PROGRAM

=======

PhageTerm.py - run as command line in a shell

VERSION

=======

Version 4.3 Compatible with python 3.9 up to 3.13

INTRODUCTION

============

PhageTermVirome software is a tool to determine phage genome termini and genome packaging mode on single phage or multiple contigs at once. The software uses phage and virome sequencing reads obtained from libraries prepared with DNA fragmented randomly (e.g. Covaris fragmentation, and library preparation using Illumina TruSeq). Phage or virome sequencing reads (fastq files) are aligned to the assembled phage genome or assembled virome (fasta or multifasta files) in order to calculate two types of coverage values (whole genome coverage and the Starting Position Coverage (SPC)). The starting position coverage is used to perform a detailed termini and packaging mode analysis.

Mu-type phage analysis : can be done if user suspect the phage genome to be Mu-like type (Only for single phage genome analysis, not possible with multifasta file) : User can also provide the host (bacterial) genome sequence. The Mu-type phage analysis will take the reads that does not match the phage genome and align them on the bacterial genome using the same mapping function.

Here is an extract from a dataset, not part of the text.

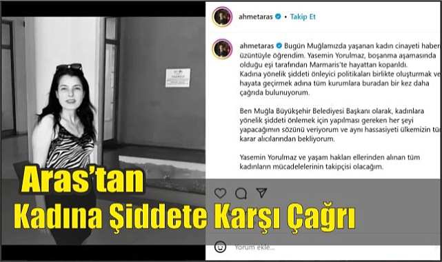 Ahmet Aras, kadına şiddete karşı politikalar oluşturup hayata geçirme konusunda söz verip diğer kurumlara da çağrı yaptı. Muğla Büyükşehir Belediye Başkanı Ahmet Aras, yaşanan cinayetin ardından Sosyal Medya Hesaplarından yaptığı paylaşımda kadına yönelik şiddeti önleyici politikalar oluşturup hayata geçirme konusunda her şeyi yapacağı sözünü vererek, diğer tüm kurum yöneticilerine de çağrıda bulundu.

The analysis to identify Mu-like phages is available only when providing a single phage genome (not possible if user provide a multi-fast file with multiple assembled phage contigs).

The previous PhageTerm program (single phage analysis only) is still available at https://sourceforge.net/projects/phageterm/ (for versions <3.0.0)

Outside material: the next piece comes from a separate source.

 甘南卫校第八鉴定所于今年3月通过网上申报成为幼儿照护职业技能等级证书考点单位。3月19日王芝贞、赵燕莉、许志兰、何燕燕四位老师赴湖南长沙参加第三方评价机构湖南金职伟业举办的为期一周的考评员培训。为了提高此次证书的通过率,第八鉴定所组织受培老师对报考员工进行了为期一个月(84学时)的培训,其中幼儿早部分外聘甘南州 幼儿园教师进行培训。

A Galaxy wrapper version is also available for the previous version at https://galaxy.pasteur.fr (only for the first version PhageTerm). PhageTermVirome is not implemented on Galaxy yet).

Since version 4.1, PhageTerm can work in 2 modes: - the usual mono machine mode (parallelization on several cores on the same machine). - a new multi machine mode (advanced users) with parallelization on several machines, using intermediate files for data exchange. The default mode is mono machine.

Version 3.0.0 up to version 4.0 work with python 2.7

From version 4.0 to version 4.1, PhageTerm (now PhageTermVirome) works with python 3.7

version 4.2 and higher work with python 3.9 up to python 3.13.

COMMAND LINE USAGE

==================

Basic usage with mandatory options (PhageTermVirome needs at least one read file, but user can provide a second corresponding paired-end read file if available, using the -p option).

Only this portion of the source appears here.